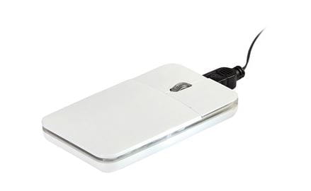 Płaska mysz, na której można wykonać nadruk w pełnym kolorze oraz podświetlane logo. Idealna do notebooka.
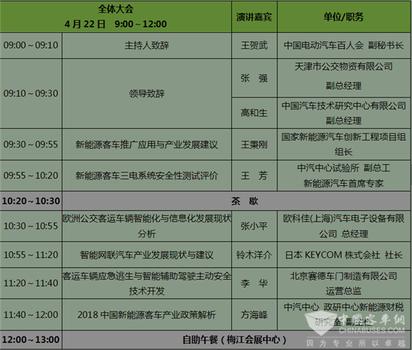 CTIB国际客运交通装备与技术展览会已经成功举办数届,一直被冠以“客车行业春天的风向标”的美称,作为客车行业年度重大行业活动,一直备受各整车及相关零部件企业的高度重视。依托CTIB国际客运交通装备与技术展览会平台,由国际客运交通与技术展览会组委会主办、中国汽车技术研究中心有限公司、天津市公交物资有限公司支持的“2018中国新能源客车发展与安全高峰会议”与新能源汽车国家大数据联盟、领想(上海)汽车科技有限公司支持的“新能源汽车动力电池溯源系统与全生命周期管理利用研讨会”同期会议将于4月21-22日在天津梅江会展中心N3厅如期举办,届时将邀请行业专家及企业领导、主流公交客车单位、公交客车核心零部件企业、科研院所等参会,共商新能源客车产业发展大计。
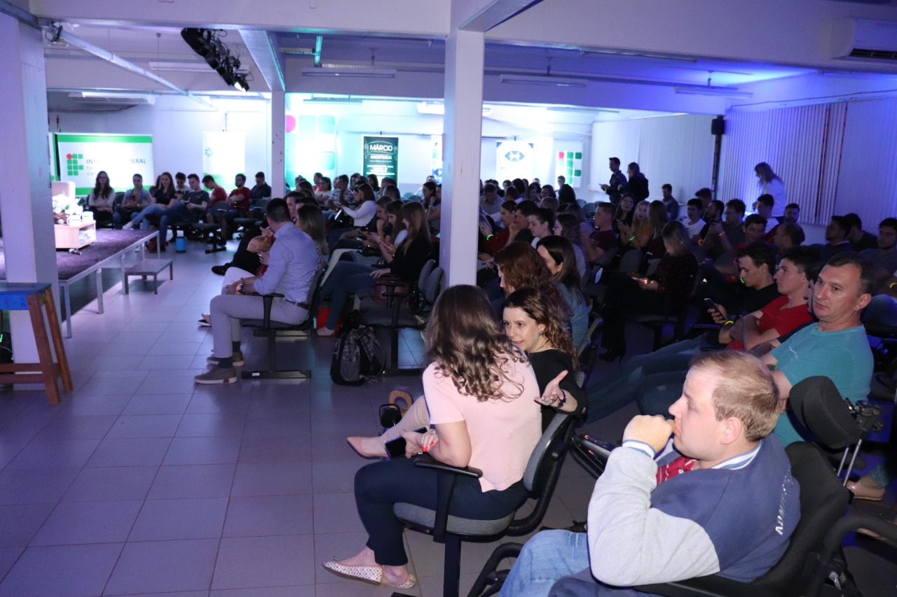 Na quinta-feira (26), aconteceu o 2º Altos Papos sobre Gestão, evento promovido pela Escola de Gestão e Negócios do IFFar - Campus Santa Rosa, abrangendo os cursos bacharelado em Administração, Pós-Graduação em Gestão e Negócios e o Técnico em Administração EaD, juntamente com o Diretório Acadêmico de Administração (DAIF). O evento teve como objetivo proporcionar o contato dos acadêmicos com profissionais da área de Administração, além de aproximar os alunos do mercado de trabalho. Alunos do projeto de Ensino Bandas do IFFar animaram o evento.
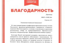 от лица администрации и профессорско-преподавательского состава Московского финансово-промышленного университета "Синергия" выражается директору нашей школы Сергееву Анатолию Степановичу за помощь в организации и проведении регионального отбора на программу "Кадровый резерв - Профессиональная команда страны", а так же за студентку Гиждеван Анну - выпускницу нашей школы.

◇ ◇ ◇

**Work required**
Without the images, write out each line of the data verbatim.

**Answer box**
 Płaska mysz, na której można wykonać nadruk w pełnym kolorze oraz podświetlane logo. Idealna do notebooka.
 CTIB国际客运交通装备与技术展览会已经成功举办数届,一直被冠以“客车行业春天的风向标”的美称,作为客车行业年度重大行业活动,一直备受各整车及相关零部件企业的高度重视。依托CTIB国际客运交通装备与技术展览会平台,由国际客运交通与技术展览会组委会主办、中国汽车技术研究中心有限公司、天津市公交物资有限公司支持的“2018中国新能源客车发展与安全高峰会议”与新能源汽车国家大数据联盟、领想(上海)汽车科技有限公司支持的“新能源汽车动力电池溯源系统与全生命周期管理利用研讨会”同期会议将于4月21-22日在天津梅江会展中心N3厅如期举办,届时将邀请行业专家及企业领导、主流公交客车单位、公交客车核心零部件企业、科研院所等参会,共商新能源客车产业发展大计。
 Na quinta-feira (26), aconteceu o 2º Altos Papos sobre Gestão, evento promovido pela Escola de Gestão e Negócios do IFFar - Campus Santa Rosa, abrangendo os cursos bacharelado em Administração, Pós-Graduação em Gestão e Negócios e o Técnico em Administração EaD, juntamente com o Diretório Acadêmico de Administração (DAIF). O evento teve como objetivo proporcionar o contato dos acadêmicos com profissionais da área de Administração, além de aproximar os alunos do mercado de trabalho. Alunos do projeto de Ensino Bandas do IFFar animaram o evento.
 от лица администрации и профессорско-преподавательского состава Московского финансово-промышленного университета "Синергия" выражается директору нашей школы Сергееву Анатолию Степановичу за помощь в организации и проведении регионального отбора на программу "Кадровый резерв - Профессиональная команда страны", а так же за студентку Гиждеван Анну - выпускницу нашей школы.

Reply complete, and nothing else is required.